Her insanın kafasında, çok fazla enerji, zaman ve dikkat harcadığı sürekli bir konuşma vardır. Bu konuşma uykudan uyanıp uykuya daldığınız andan itibaren devam eder.

Çalışırken, ders çalışırken, kitap okurken, TV izlerken, konuşurken, yürürken veya yemek yerken iç diyalog her zaman olur. İnsanların sürekli olarak değerlendirilmesi, neler olduğu hakkında yorum yapılması, insanlarla diyalogun planlanması ve analiz edilmesi söz konusudur.

Bu kendi kendine konuşma bir kartopu etkisi gibidir. Kendimizle konuşmaya ne kadar çok zaman harcarsak, iç diyaloğa o kadar bağlanırız. Duygular iç diyaloğa katılır ve içsel enerji, bu da yol açar olumsuz etki davranışı, karar verme ve bir kişinin genel performansı üzerinde.

Çoğu durumda, iç diyalog olumsuzdur ve olumsuz tutum ve davranışları pekiştirir.
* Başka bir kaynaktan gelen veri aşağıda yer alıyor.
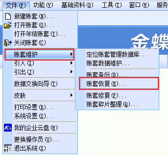 1、单击[文件]-[账套维护]-[账套恢复]选择备份文件单击[打开];
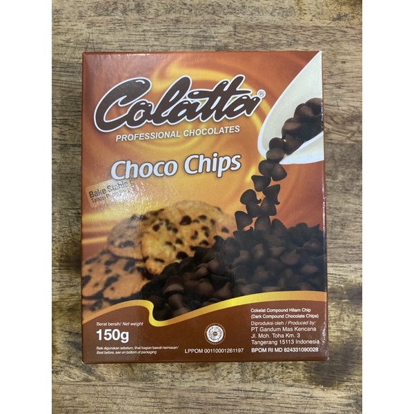 coklat chip colatta dengan bentuk lancip dan bake stable kemasan 150 gr
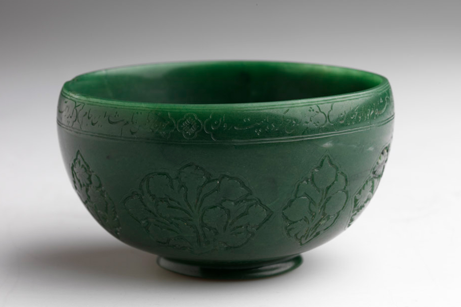Jahangir's wine cup; Mughal, India; 1612-1613; Quartz and chromium muscovite; Rhode Island School of Design Museum, New York
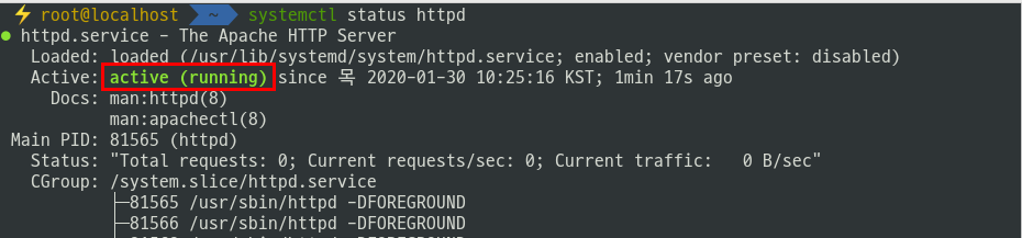 - 설치가 완료되었다면 httpd 서비스를 시작하고 재부팅 시 자동으로 시작될 수 있게 설정한다.

Çok az insan kendilerine ve olumlu iç diyaloga girme yeteneklerine yeterince inanmaktadır. Bu süreç ve olumlu iç diyaloğun etkisi, olumlu olumlamalara benzer hale gelir. Böyle bir ritimde sürekli düşünmek, sırayla bu kelimeleri ve düşünceleri algılayan bilinçaltını etkiler. Olumsuz iç diyalog olumsuz sonuçlara yol açarken, olumlu iç diyalog ise tam tersine olumlu sonuçlar doğurur.

Ve bu süreci kendi avantajınıza kullanabilirsiniz. Farkında olmadığınızda bile aktiftir. Ancak bunu anlar ve anlarsanız, iç diyaloğu lehinize yönetme fırsatını yakalarsınız. Bunu olumlu bir diyaloğa dönüştürebilirsiniz ve bu olduğunda, elinizde çok fazla güç olduğunu fark edersiniz.
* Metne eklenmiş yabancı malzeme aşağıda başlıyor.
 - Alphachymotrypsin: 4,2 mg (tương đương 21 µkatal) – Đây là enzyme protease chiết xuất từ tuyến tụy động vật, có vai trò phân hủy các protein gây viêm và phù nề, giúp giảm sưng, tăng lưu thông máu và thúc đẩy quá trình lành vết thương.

Aklınıza gelen düşüncelerin farkında olmaya çalışın. Birkaç dakika sonra bunu yaptığınızı unutsanız bile, kafanızda neler olup bittiğini sakince izleyin. Bu sırada fiziksel olarak bir şeyler yapıyor olsanız bile içsel diyalog devam eder, çünkü kendinizi düşüncelerden, içsel diyalogdan zihinsel olarak ayırmak o kadar kolay değildir.
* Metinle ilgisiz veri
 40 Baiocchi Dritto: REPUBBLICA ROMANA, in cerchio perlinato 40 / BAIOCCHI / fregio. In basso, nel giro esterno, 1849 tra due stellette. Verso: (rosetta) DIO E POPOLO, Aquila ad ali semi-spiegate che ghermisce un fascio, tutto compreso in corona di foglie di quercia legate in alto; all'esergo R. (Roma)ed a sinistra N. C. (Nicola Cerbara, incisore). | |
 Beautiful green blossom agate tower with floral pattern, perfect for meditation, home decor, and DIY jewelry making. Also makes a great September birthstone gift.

Kafanızda neler olup bittiğine tekrar tekrar dikkat edin ve sonunda iç diyaloğun daha da hızlı farkına varabileceksiniz. İç gücü geliştirirken kafanızda neler olduğunu gözlemleyin.

Kendinizi ne zaman kendinizle gereksiz bir konuşma içinde bulsanız, kendi kendinize konuşmayı bırakın ve düşüncenizi daha iyi ve daha üretken bir şeye çevirin. Konuyu ve kelimeleri değiştirin, tıpkı bir ses kayıt cihazının çalıştığı gibi - kaseti istediğiniz zaman değiştirebilirsiniz. İyi sağlık, mutluluk ve başarı hakkında olumlu düşünceler için iç diyaloğunuzun sözlerini değiştirin.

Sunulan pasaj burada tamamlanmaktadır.